I tell you I have found joy.
You tell me you pity me
and I tell you 
you don't know what you are missing.
 Your eyes are filled with deep sadness
but mine shine with an inner
peace
I would share with you
But you are steeped in misery.
As I passed by 
You shut the door 
and wouldn't let 
me in.
.

Sunday, December 25, 2011

Memory is a way of holding onto the things you love, the things you are, the things you never want to lose. ~ From the television show The Wonder Years

This is the house we left behind in Portland.
We celebrated 28 Christmases there.
I wonder if it's missing us 
today.

Friday, December 23, 2011

Man loves company even if it is only that of a small burning candle. ~ Georg Christoph Lichtenberg

I was looking at some photos on a friend's Facebook page yesterday.  One that caught my attention was of seven women taken back in the early 1990s...a group of women who've been friends for several decades now.  At that particular time they were especially close...most of their children were good friends as well and they spent a lot of time together.  But what really hit me about the photo was what was written about one of them who passed away this year.  I had always thought she had the world by the tail and lived a happy life.  But someone had written a comment saying, "She was well loved and she didn't know it."

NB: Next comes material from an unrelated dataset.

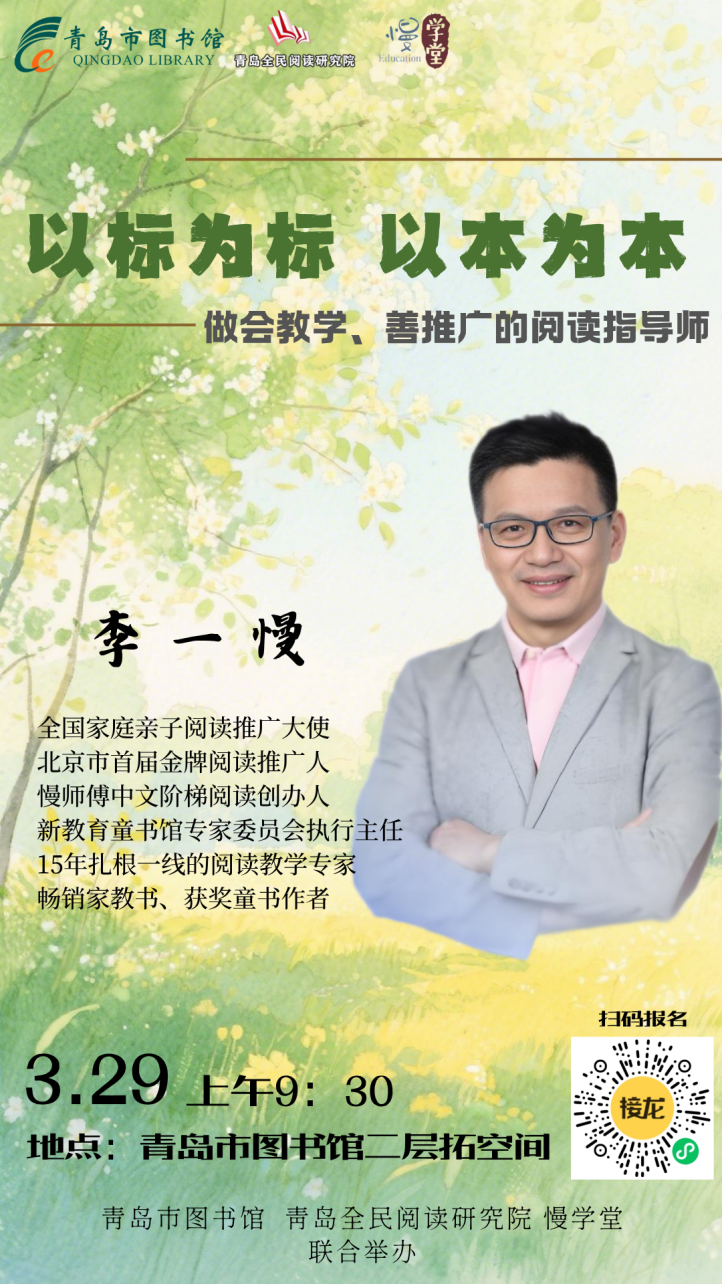 本讲座特邀全国家庭亲子阅读推广大使、北京首届金牌阅读推广人、新教育童书馆专家委员会执行主任——李一慢老师做客“青岛文化大讲堂”,围绕《3-6岁儿童学习与发展指南》与《义务教育语文课程标准(2022年版)》,聚焦绘本教学与小学生整本书阅读两大核心领域,通过书籍示范与实操讲解,为广大阅读推广从业人员和爱好者提供可落地、可应用的阅读教学方法与推广策略。

How many of us go thru Life and feel like no one loves us?

Funny how sometimes, even when we're surrounded by others, we can feel so isolated and alone. Is it because we're so afraid of rejection that we're hesitant to reach out? I know for myself that that's what holds me back at times. Or it did when I was younger. As I'm getting older I am so much more comfortable in my own skin. But it's been a long and winding road thru Life to get to this point.

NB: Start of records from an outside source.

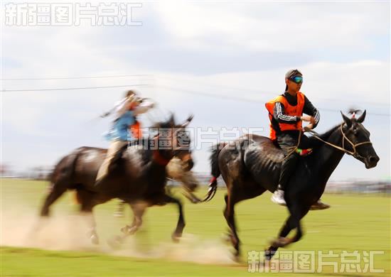 2023年5月27日,骑手在阿勒泰市汗德尕特乡赛马场竞技。
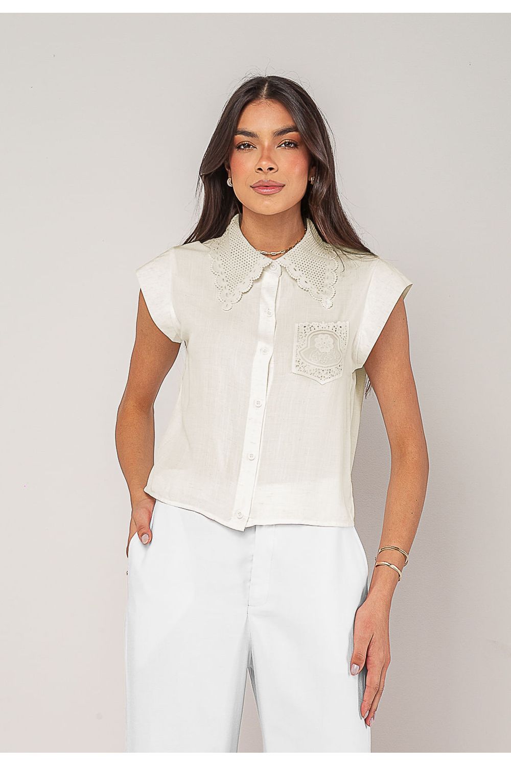 Seu grande destaque é a gola trabalhada em renda perfurada com acabamento em bico, que traz um toque vintage e refinado.
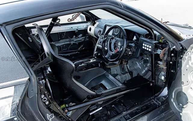 要减到近400kg,除了碳纤维套件之外还不够,尽管座椅的部分用干碳材质也不够,所以这车把不必要的部件全部无情地直接切割掉。

Several years ago  someone I knew quite well died.  I remember one time when she'd come over to have lunch with me at my house and she began to cry and told me she never felt like she had any friends.  It nearly broke my heart.  She was such a giving person, selfless in so many ways.  Whatever task she undertook she put her whole heart in to it.  A brilliant seamstress, she spent untold hours working on costumes for Sunday School projects.  Her artistic abilities were amazing.  And crafty?  She could take nothing and make something beautiful out of it.  I know that she struggled for acceptance amongst her peers and I don't think she ever found it, at least not on the level she so ached to attain.

And yet, when she died very tragically and unexpectedly in the prime of her life, you should have seen the amount of people at her funeral.  Kids she'd taught in Sunday School.  So many people whose lives she'd touched.


Someone came up to me not long after her funeral and remarked on what a beautiful service it had been.  Someone who'd never been particularly kind to my deceased friend.  She said, "You know, she was so well thought of and loved by so many people.  But I'm sure she knew it," and I know she was waiting for me to affirm that yes, this woman had known it.  I stood and looked at this person and didn't say a word.  Which made her very uncomfortable.  Then, a little less sure of herself she said, "She did know she was loved, didn't she?  I'm sure she did."  And again I said nothing.


When I did, I told her, "Actually, no.  She didn't."


And I turned and walked away.

Sunday, December 18, 2011

A good traveler has no fixed plans, and is not intent on arriving. ~ Lao Tzu


Dear Hubby and I have never been known for being the sharpest tools in the shed.  This photo is proof of it.  In this part of the country, when people travel to the Upper Peninsula of Michigan, they go in the summer months.  They go there to enjoy the beauty of the region and the majestic vastness of Lake Michigan and Lake Huron.  Truly, they are inland seas, as my blog friend Alaine described them to me once.  Being a West Coast girl all my life I believed  there were no other 'beaches', no other 'shores' than those of the Pacific Ocean.  After crossing over the Mackinac Bridge, I changed my mind.  My first glimpse of the Lakes had my jaw dropping down in awe and all I could say, over and over, was "WOW!"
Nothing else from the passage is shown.